Keyboard Maestro is the most direct Mac option when you want a reliable hotkey, app-specific activation, and richer automation later.

  1. Create a new macro.
  2. Add a Hot Key trigger.
  3. Add a Get URL action and paste the copied Library URL.
  4. Optionally put the macro into a Macro Group that is active only in Premiere.

This setup is a good fit when you want a Mac shortcut that stays neatly scoped to Premiere instead of being global all the time.

Stream Deck

Stream Deck works well when you want a dedicated hardware button for one script.

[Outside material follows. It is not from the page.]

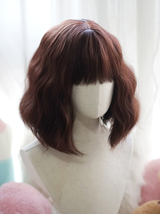 Dark Brown Bob Cut Short Wig With Curly/Full Bangs

  1. Create a new button action.
  2. Use the action that opens a website or URL.
  3. Paste the copied Library URL.
  4. If your Stream Deck setup offers a background GET option, enable it so the request runs silently instead of opening a visible browser tab.

This is especially useful for cleanup scripts, import helpers, or recurring utility actions you want on one physical key.

Touch Portal

Touch Portal is a good fit when you want the same kind of trigger button on a phone or tablet.

  1. Create a button.
  2. Add an HTTP Get action.
  3. Paste the copied Library URL.

Touch Portal example

This gives you a simple remote control surface for repetitive editing actions without needing extra hardware.

Raycast, Alfred, and similar launcher tools

Launcher tools such as Raycast and Alfred are also a good fit.

In practice, you usually create one of these:

  • a quicklink that opens the copied local URL
  • a small shell-command action that runs curl "YOUR_REMOTE_EXECUTION_URL"
  • a hotkey that triggers one of those actions

That gives you a very lightweight keyboard-driven setup without needing a full macro package.